Back in 1972, Cosmopolitan magazine published a centerfold of Burt Reynolds in his birthday suit stretched out on a bearskin rug. The photo was no less than a media sensation and was considered groundbreaking for the female sexual revolution. After all, ladies have been strutting their naked selves for the entertainment of men for years. At last we gals had the favor returned (although, to be honest, Burt’s strategically draped arm hid the essential bit). That one photo skyrocketed Burt Reynolds’ career from actor to sex star. In fact, the picture was so popular that it spurred the launch of Playgirl. But isn’t it interesting how tastes change? If that photo were published today, instead of feeling euphoric over the progress in gender equality, I’d take one look at Burt’s gorilla chest and think: that dude’s in need of some serious manscaping.
If you do a Google images search on “sexy men” (go ahead, I’ll wait), you’re not going to get much in the way of body hair. What you are going to get are pictures similar to Mr. Ripped Abs above. When it comes to today’s hotties, the ladies like ’em smooth. We can deal with a bit of facial hair – five o’clock shadow’s pretty sexy – but plush mats of chest fur resembling a chia pet are a total turn-off. As writer Ryan McKee states on the website Ask Men, “chest hair should never be so thick that it appears a guy’s T-shirt is levitating off his chest.” Right on, Ryan.

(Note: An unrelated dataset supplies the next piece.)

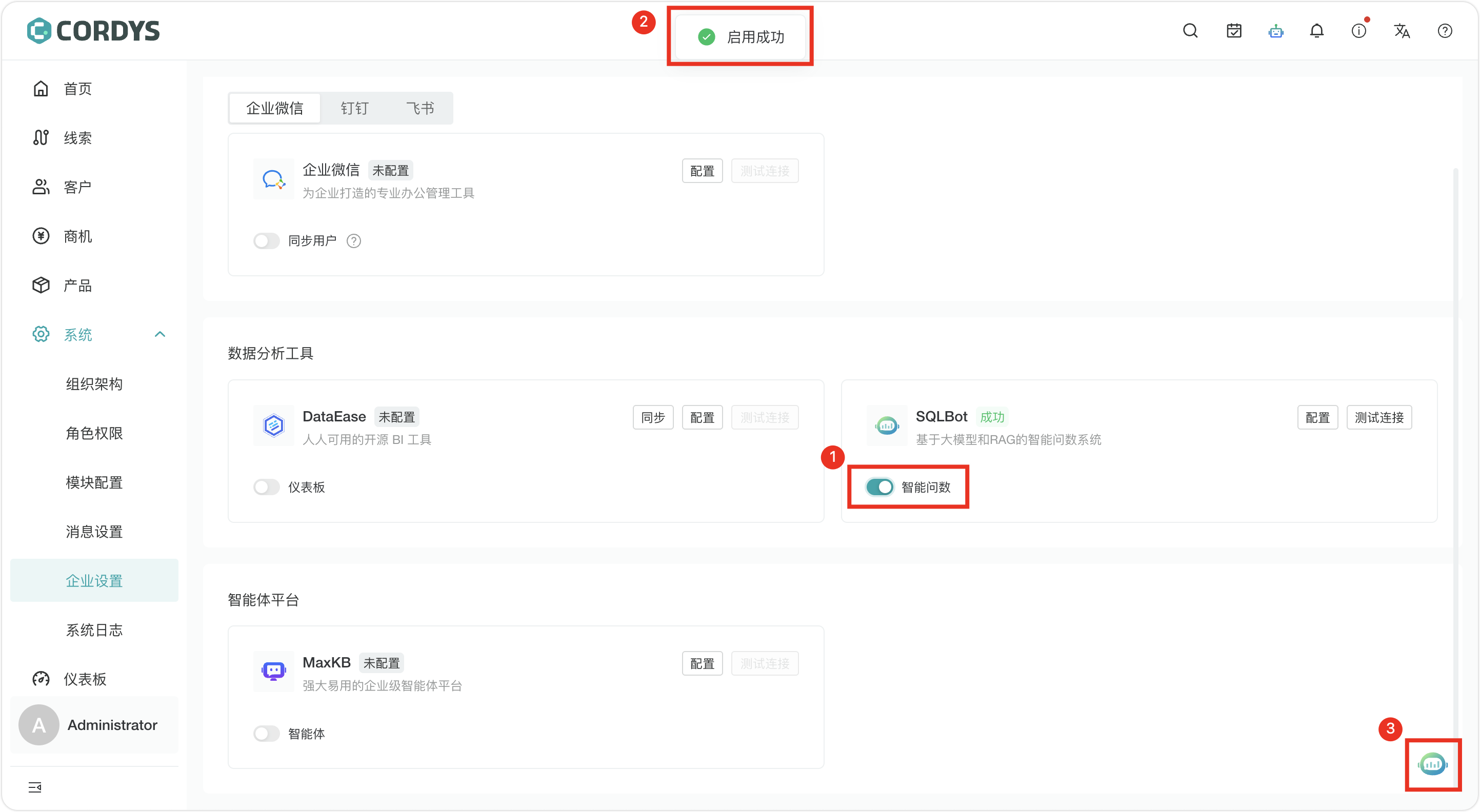 在Cordys CRM的“企业设置”页面的“数据分析工具”栏目中,打开SQLBot图标下方的“智能问数”开关,页面上方会弹出“启用成功”的提示语。此时,我们就可以在Cordys CRM页面右下角看到SQLBot的悬浮图标了。该图标是用户访问“销售智能问数系统”应用的入口,点击该图标,用户就可以在Cordys CRM中进行智能问数了。

The same rule-of-thumb holds true for excessive leg hair. Some, sure, unless you’re dating a swimmer in which case you can expect his thighs to be smoother than yours. What we don’t want is for men’s legs to look like they’re covered in carpet. As for other hirsute habits, under arm hair should be nicely trimmed. No visible tufts, please. Back hair, nose hair, ear hair let’s not even think about. But what about . . . down there? Should the lawn be trimmed around the tree?
In the porn industry men are always shaved to the nines. Not a stitch to be found below the face. But here’s the thing: for a guy to be that hairless requires a lot of upkeep. Is all that manscaping manly? Do we want our guys to be higher maintenance than we are?
Consider this scenario. You’re getting ready for a night on the town. You’ve spent the better part of the past hour making sure your make-up looks great and your hair behaves. You’ve got your outfit picked out and are nearly finished. Suddenly your guy scoots you aside and says he’s gotta jump in the shower because he needs to shave his balls. Say what?! Talk about being doused with a cold bucket of reality. Is this information that we really wanted?
People have said about sausage that they love to eat it but don’t want to know how it’s made. Perhaps we can equate manscaping to sausage. We like the results, but have no interest in knowing how they were achieved. I mean, seriously, would it be cool for your guy to cancel a date because he’s got an appointment for a back wax?